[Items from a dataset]
^^^^^^^^^^^^^^^^

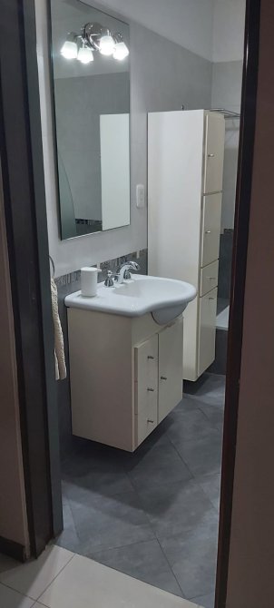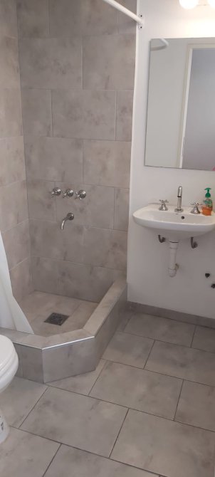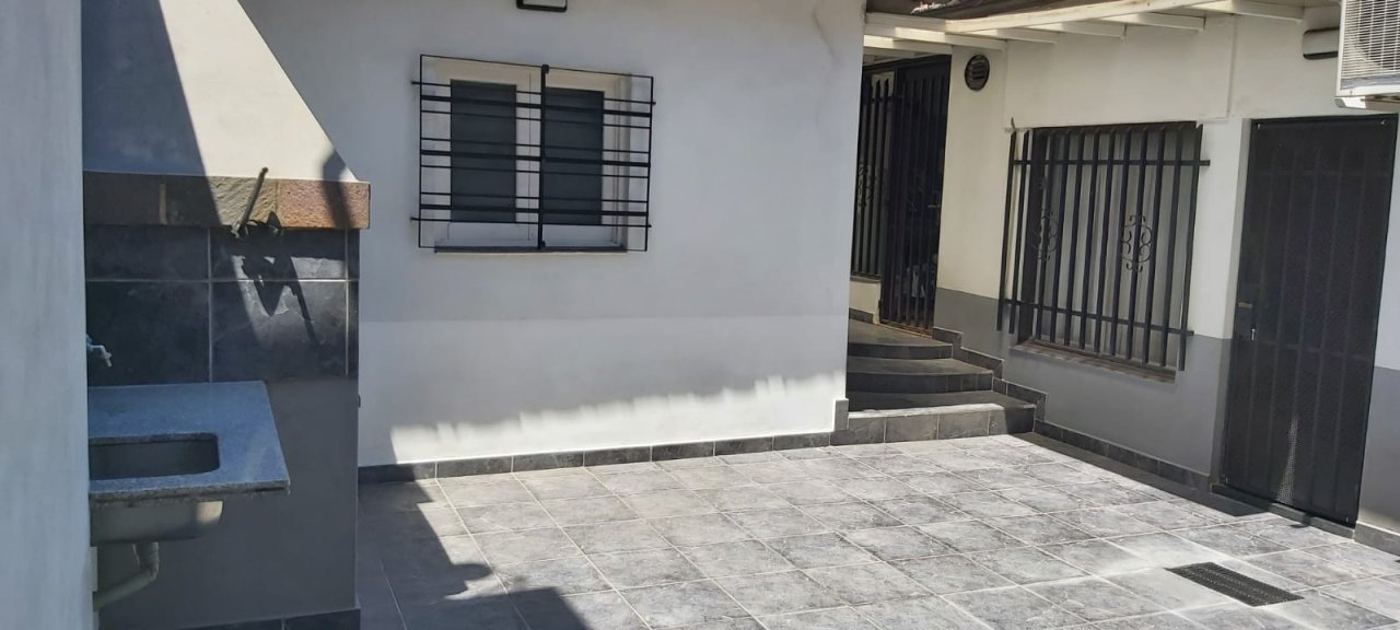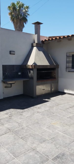 Patio, con parrilla y mesada con pileta, cuarto de enseres con lavadero incorporado y baño con ducha.
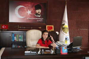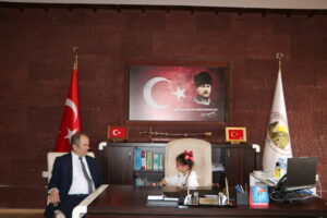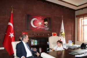 Programın ardından öğrenciler Uçhisar Belediyesini ziyaret ederek Belediye Başkanı Abdullah ÇAMCI’ nın makamına konuk oldu. Temsili olarak makam koltuğuna oturan öğrencilerle keyifli bir sohbet gerçekleştiren Başkan ÇAMCI, çocukların mutluluğuna ortak oldu.
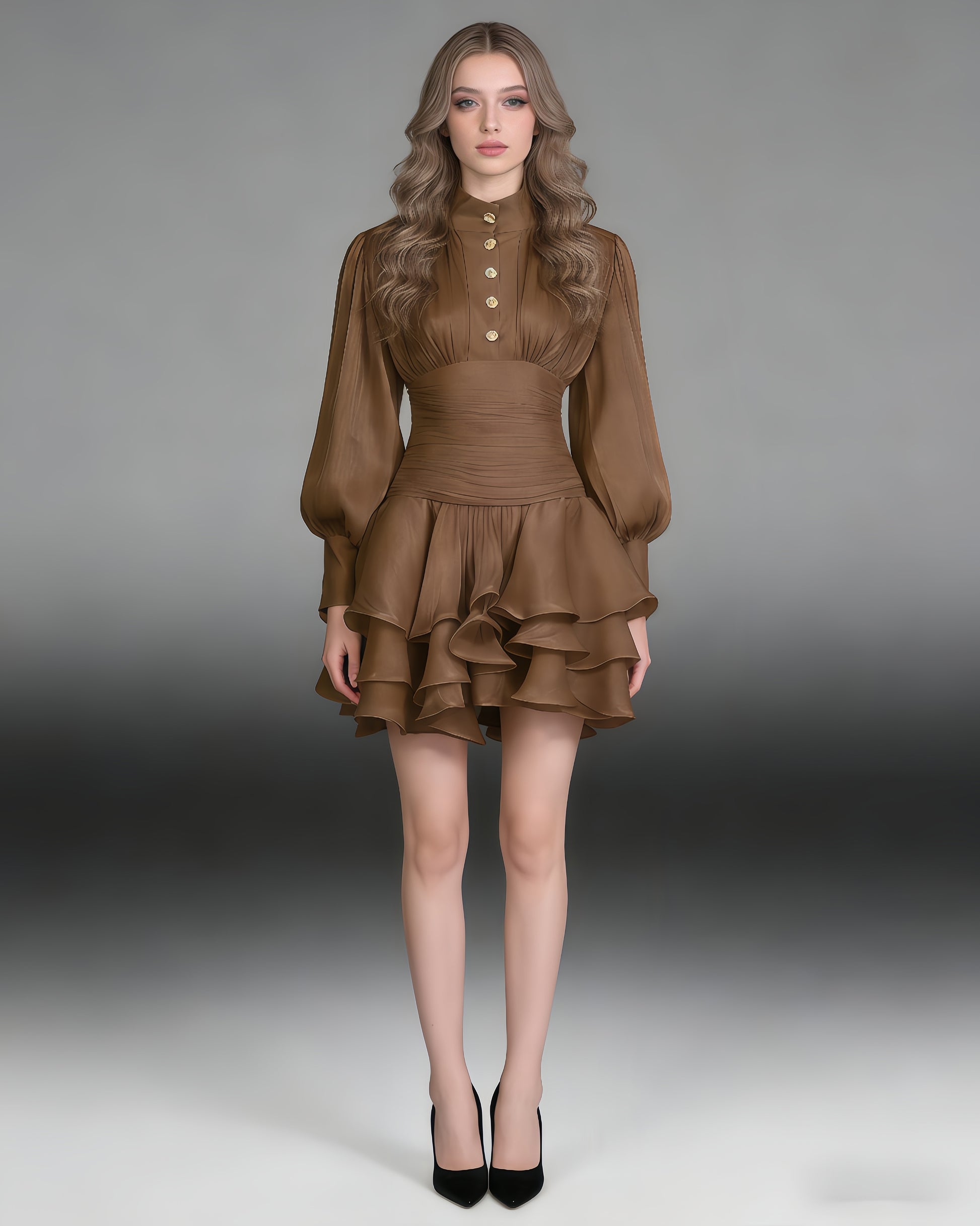 Coffee Shimmer Puff Sleeve Ruffled Mini Dress
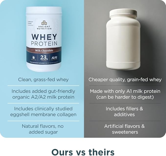 - Powerful Protein Blend: Each scoop delivers 23g of protein, combining grass-fed whey, regenerative A2/A2 milk protein, and clinically studied eggshell membrane collagen for building strength and healthy joint support.
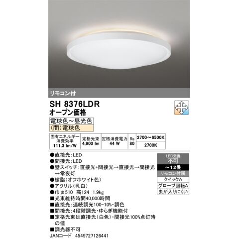 オーデリック 10畳~12畳用 シーリングライト【カチット式】 ODELIC 間接光付きシーリング SH8376LDR 【返品種別A】
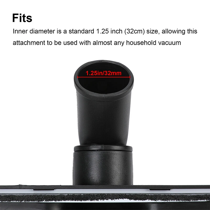 Universal 12" Vacuum Cleaner Attachment Floor Brush Tool 1.25" 1-1/4" 32mm Features: Inner diameter is a standard 1.25 inch (32mm) size, allowing this attachment to be used with almost any household vacuum 12 inch swivel neck is at a 45 degree angle and can swivel 360 degrees for easy cleaning at all angles and all surfaces European style hair Brush has roller wheels for easy movement. Works with bissell, dirt Devil, dyson, Electrolux, Hoover, Kenmore, miele, oreck, Panasonic, Shark, etc. Fits: uprights that have attachment hoses, most canister vacuums and all Central vacuum systems Please measure your vacuum hose before purchasing. It may not fit all mile vacuum Specification: Material:Plastic + Handle Color:Black Inner Diameter: 32mm/1.26''(Approx.) Size: (L) X (W) 295X45mm/11.61'' X 1.77''(approx) Package Includes: 1 x 12-inch Swivel Vacuum Cleaner Attachment 360 Floor Brush Tool Payment Delivery details Terms of sales About us Contact us Payment Payments: Paypal, Google Pay, Visa, Master Card, Amerian Express, Discover. Delivery details All items are shipped from US warehouse located at NJ . We ship to your eBay or Paypal address. Please make sure your eBay or Paypal address is correct before you pay. Terms of sales Free return About us Pls contact our customer service firstly if have any problems , we will help to solve the issue, and could offer free return service for full refund or free replacement after confirming. You can buy from us with confidence Contact us If have any problems, please feel free to contact us.

^^^^^^^^^^^^^^^^

Print every entry exactly. Pictures are not part of the copy.

=== Exercise response ===
 Patio, con parrilla y mesada con pileta, cuarto de enseres con lavadero incorporado y baño con ducha.
 Programın ardından öğrenciler Uçhisar Belediyesini ziyaret ederek Belediye Başkanı Abdullah ÇAMCI’ nın makamına konuk oldu. Temsili olarak makam koltuğuna oturan öğrencilerle keyifli bir sohbet gerçekleştiren Başkan ÇAMCI, çocukların mutluluğuna ortak oldu.
 Coffee Shimmer Puff Sleeve Ruffled Mini Dress
 - Powerful Protein Blend: Each scoop delivers 23g of protein, combining grass-fed whey, regenerative A2/A2 milk protein, and clinically studied eggshell membrane collagen for building strength and healthy joint support.
 オーデリック 10畳~12畳用 シーリングライト【カチット式】 ODELIC 間接光付きシーリング SH8376LDR 【返品種別A】
 Universal 12" Vacuum Cleaner Attachment Floor Brush Tool 1.25" 1-1/4" 32mm Features: Inner diameter is a standard 1.25 inch (32mm) size, allowing this attachment to be used with almost any household vacuum 12 inch swivel neck is at a 45 degree angle and can swivel 360 degrees for easy cleaning at all angles and all surfaces European style hair Brush has roller wheels for easy movement. Works with bissell, dirt Devil, dyson, Electrolux, Hoover, Kenmore, miele, oreck, Panasonic, Shark, etc. Fits: uprights that have attachment hoses, most canister vacuums and all Central vacuum systems Please measure your vacuum hose before purchasing. It may not fit all mile vacuum Specification: Material:Plastic + Handle Color:Black Inner Diameter: 32mm/1.26''(Approx.) Size: (L) X (W) 295X45mm/11.61'' X 1.77''(approx) Package Includes: 1 x 12-inch Swivel Vacuum Cleaner Attachment 360 Floor Brush Tool Payment Delivery details Terms of sales About us Contact us Payment Payments: Paypal, Google Pay, Visa, Master Card, Amerian Express, Discover. Delivery details All items are shipped from US warehouse located at NJ . We ship to your eBay or Paypal address. Please make sure your eBay or Paypal address is correct before you pay. Terms of sales Free return About us Pls contact our customer service firstly if have any problems , we will help to solve the issue, and could offer free return service for full refund or free replacement after confirming. You can buy from us with confidence Contact us If have any problems, please feel free to contact us.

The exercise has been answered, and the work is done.